Service Watchdog spamming



  • Service Watchdog keeps spamming me with emails (~ every 30 seconds) that services have been detected stopped and it is restarting.

    code
    
    10:05:00 Service Watchdog detected service avahi stopped. Restarting avahi (Avahi Zeroconf/mDNS Daemon)
    
    10:09:00 Service Watchdog detected service avahi stopped. Restarting avahi (Avahi Zeroconf/mDNS Daemon)
    
    10:13:00 Service Watchdog detected service dhcpd stopped. Restarting dhcpd (DHCP Service)
    
    
    

    This is just a small sample. Also getting similar messages for unbound and OpenVPN.
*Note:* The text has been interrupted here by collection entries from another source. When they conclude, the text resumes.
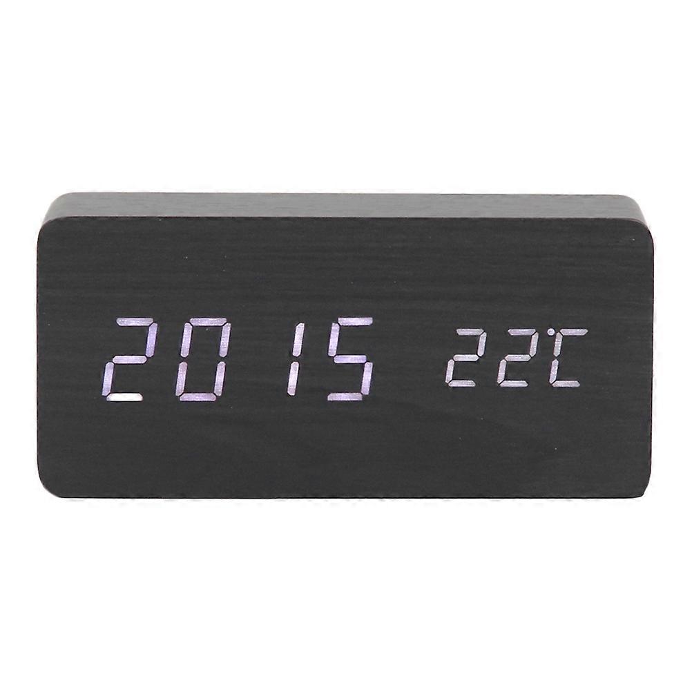 Modern Wooden LED Alarm Clock with Voice Control and Temperature Display for Family Black 4 AAA Batteries Not Included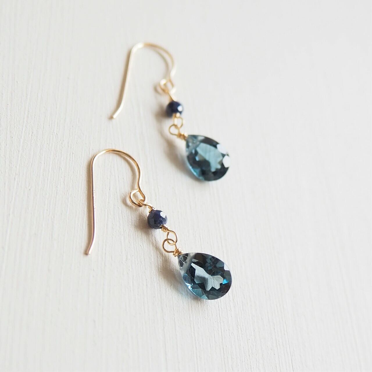 ペアシェイプファセットカットの宝石質のロンドンブルートパーズに、ぷちっとアクセントにサファイアひと粒を添えたシックなピアスです。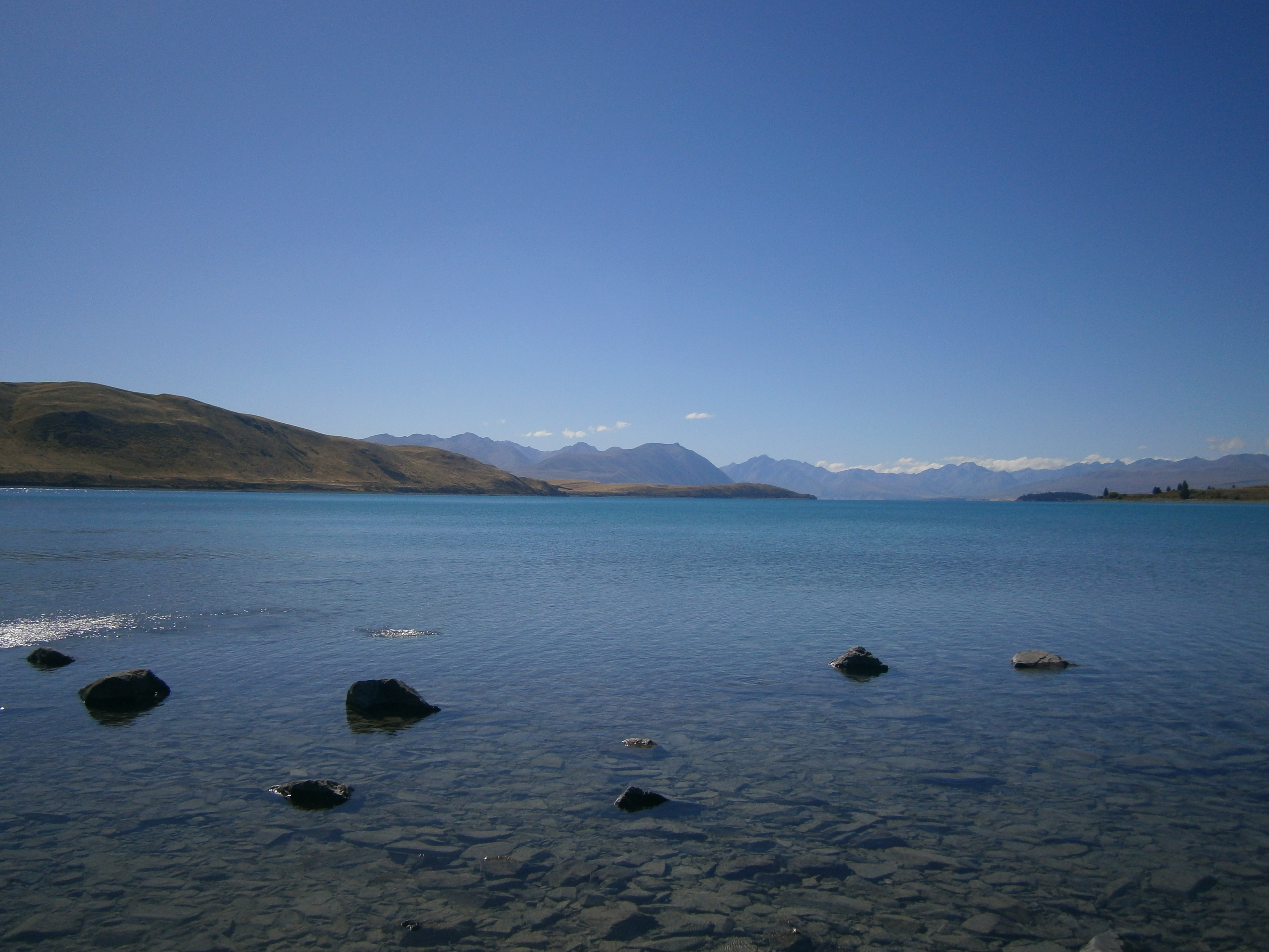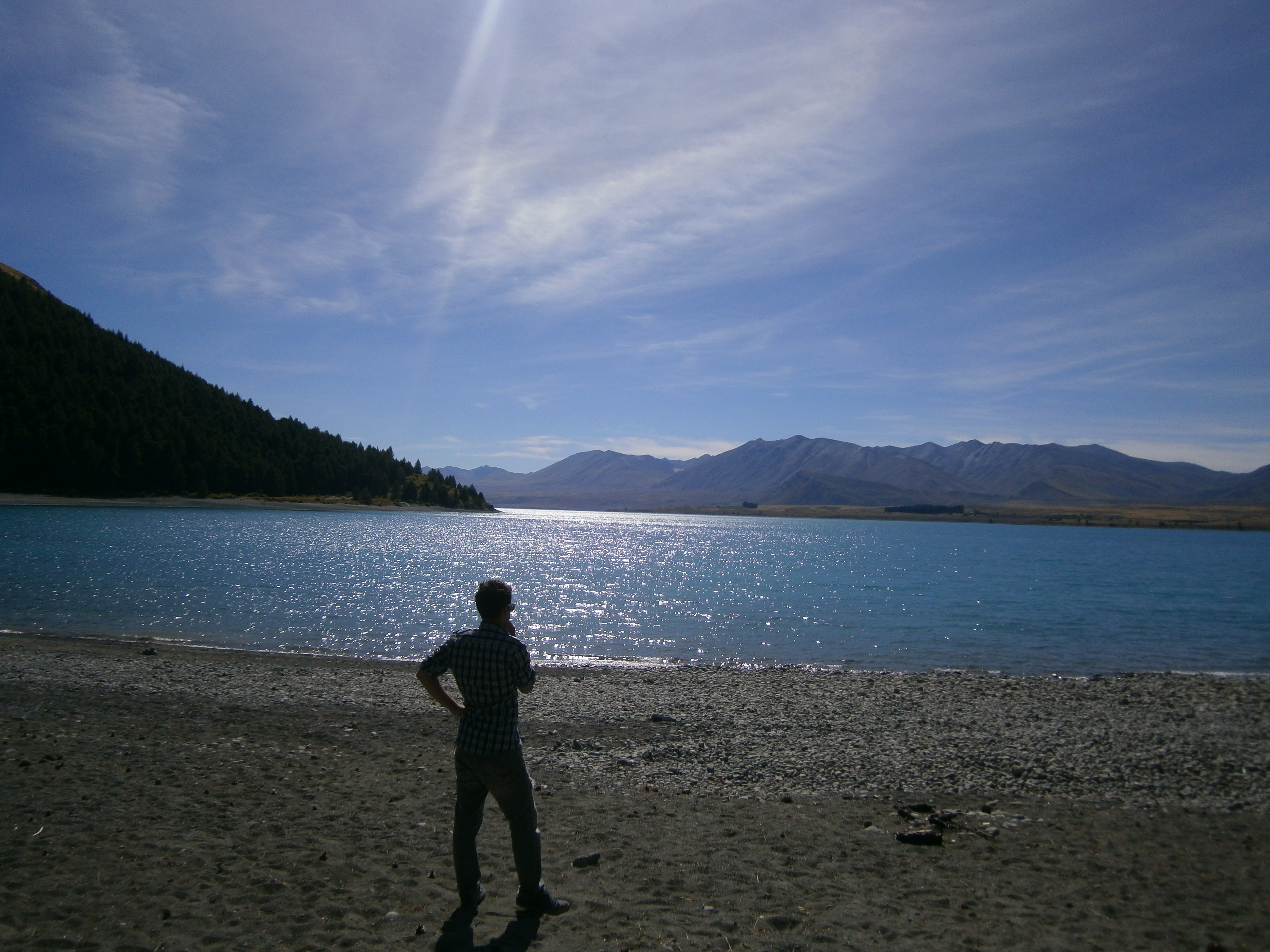 We stopped to stock up on food and of course beer and took a much needed nap as the tiredness hit us like a train. Our itinerary was somewhat up in the air which suited us very well. We had 11 days to explore the south island and get back to Christchurch for our flight to Bangkok and had researched on where the hot spots were on the island. Lake Tekawa was our first stop and when we arrived, our jaws dropped. We left the van and scurried down to the water’s edge. The beautiful blue lake sparkled like nothing we had seen before. The only sound was that of the breeze and it was a place you could sit for hours without moving a muscle. We did move; just to get beers.

    Unable to connect to the pfSense box via vpn. I can sometimes get the login page to load but can’t stay connected for long enough for the login to complete and I’m not at home right now. Same thing happened at roughly this same time yesterday morning. I was able to stop it by rebooting the box after I got home from work.

    The only recent change I have made to pfSense was installing Service Watchdog. Is it possible that this package is causing this behavior?


  • Rebel Alliance Global Moderator

    I have service watchdog installed monitoring 4 services. unbound, freerad and 2 of my openvpn instances not seeing such behavior



  • Maybe I’ll try uninstalling and reinstalling? Not sure what else to try. It looks like Watchdog is constantly trying to restart the other services and can’t.


  • Rebel Alliance Global Moderator

    the service watch dog will only monitor what you set it to monitor. If your not running those service (have them disabled for example) then they shouldn't be listed in your watchdog setup.



  • They should all be running. None are disabled, but it looks as if Watchdog can’t restart them or perhaps they keep crashing?


  • Rebel Alliance Developer Netgate

    Odds are this has nothing to do with Service Watchdog. Something is causing those processes to restart or die. You need to find out what that something is, and it wouldn't be the Service Watchdog package. Check your logs for more info. Could be an unstable or flapping WAN/interface for example.



  • @jimp said in Service Watchdog spamming:

    Odds are this has nothing to do with Service Watchdog. Something is causing those processes to restart or die. You need to find out what that something is, and it wouldn't be the Service Watchdog package. Check your logs for more info. Could be an unstable or flapping WAN/interface for example.

    Thanks. I saw in the gateway logs for yesterday’s event that it looked like it all started with a high latency alarm, but not sure where to proceed from there to resolve this? Rebooting the router cleared the problem for a while (18 hours or so) but it has recurred again today so obviously not fixed.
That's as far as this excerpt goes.